That was over two years ago, approximately the length of Thoreau's experiment at Walden Pond. Unlike Thoreau, I cannot walk away from this way of life. My spiritual practice of living essentially will be that of a lifetime. Lent has come to stay, and living essentially has become my liturgy of hours.

Flannery O'Connor wrote that illness had taught her more "than any trip abroad." Her letters record a daily rhythm of visits from eccentric friends as well as the activities of the chicken yard and her peacocks. Those of us circumscribed by hearth and home cannot help smiling at this kindred spirit. The pulse of life rests upon rare, cherished visits from friends and the mundane delights of Earth and its creatures.

Those, and the daily visit from the postal carrier. There is surely no greater gift to a postage stamp-sized life than a letter from a beloved one, whose words conjure up the active life in all its dimensions.

It is a slow, ancient practice, letter writing. Letter writing might prove the finest of Lenten disciplines. Words are a common bond for those of us living on the margin. I can linger over the words for weeks, smiling as I trace with my fingertips the handwritten manuscript of loved ones. For those on the margins, words are the bread of life. We write, speaking out of our unique, self-created daily rituals and rhythms. We read, imbibing others' lives like food.

One of my goddaughters prefers receiving letters in the mail over more rapid forms of communication. "What would you like from me this year?" I ask as she begins another school year. "Letters!" she immediately responds.

Like O'Connor, Emily Dickinson (whose marginalization was that of choice rather than circumstance) de­tailed news regarding her family's chickens in letters. Dickinson's letters are newsy and filled with the mundane—a contrast with her poems, which are parables in living essentially, capturing the holy in the ordinary. She manages to compress even a prairie into seven words: "one clover, and a bee. And revery." Dickinson chose a life of enclosure in which words (and the New England landscape) proved her most cherished companions.
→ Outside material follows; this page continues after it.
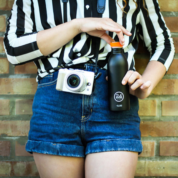 Die Edelstahl Flaschen sind 21 cm hoch, 6,5 cm im Durchmesser und gerade mal 100 Gramm schwer. Das Fassungsvermögen beträgt 500 ml, 0,5 Liter. Mit jedem re-fill der Flasche werden 0,08 Kg Co2 gespart, im Verhältnis zur Herstellung einer weiteren 500 ml Plastikflasche. Die Flaschen eignen sich sowohl für warme wie auch für kalte Getränke und sind geschmacks- bzw. geruchsneutral. Das 18/8 stainless steel ist das beste, was es derzeit auf dem Markt gibt, die Flaschen sind damit nahezu unkapputbar. Egal ob beim Sport, beim Fahrradfahren, beim Yoga, beim Laufen, beim Zelten, im Büro, in der Uni, oder unterwegs, die 24bottle ist das perfekte Stadt-Accessoire gegen den Durst. Die Edelstahl Trinkflaschen kommen übrigens in einem schönen Karton verpackt = wunderbare Geschenkidee!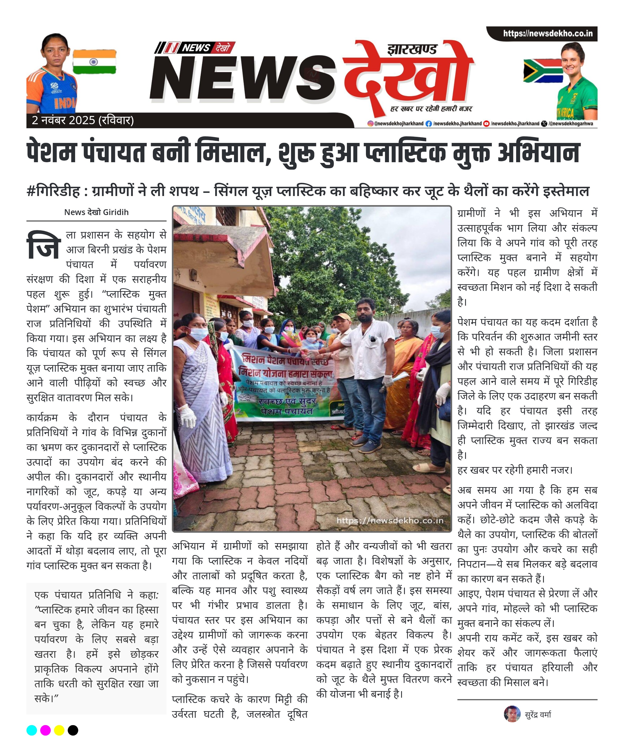 #गिरिडीह : ग्रामीणों ने ली शपथ – सिंगल यूज़ प्लास्टिक का बहिष्कार कर जूट के थैलों का करेंगे इस्तेमाल जिला उपायुक्त श्री रामनिवास यादव के मार्गदर्शन में बिरनी प्रखंड के पेशम पंचायत में प्लास्टिक मुक्त पेशम पहल की शुरुआत हुई। उप विकास आयुक्त के निर्देश पर पंचायती राज प्रतिनिधियों ने अभियान का नेतृत्व किया। प्रतिनिधियों ने दुकानदारों और आम नागरिकों से सिंगल यूज़ प्लास्टिक का प्रयोग बंद करने की अपील की। लोगों को जूट के थैलों का उपयोग बढ़ाने के…

I, too, strain to express the mundane bittersweetness of a life negotiated from the margins.

This fall I did not fail to notice a single leaf's coloration or passing. Late afternoons found me alone in the backyard underneath my mighty oak tree, the west sun on my back, paying attention to the hymning of the cicadas, noting the date the last surviving choir member folded up his legs for winter. I marked the final evening the robin sang her twilight song for me before heading south and observed a day of mourn­ing when the last hummingbird disappeared.

One day I ran my sprinkler at full tilt for the thirsty monarchs as they made their way through Tulsa, migrating to Mexico, astonished by the parameters of the intercontinental journey. Envying the strength belied in their fragile wings, I whispered benediction over their pilgrimage.

Solitude, though silent, is not without voice. Solitude is the master architect of living essentially, especially when an entire day is spent pinned to one's bed, with no visitors penned into the schedule. Solitude provides moment-by-moment instruction on how to spend such days well. Nature becomes that day's caller: sparrows squabbling in the abelia bushes outside my bedroom window, a spider indus-triously spinning its web between screen and window. Perhaps the best company is that of the sun, whose rays move in slow arcs across the backyard, until finally setting in the west window of my bedroom. Better than any movie—it never stops playing—and each day is different in angle, degree and light.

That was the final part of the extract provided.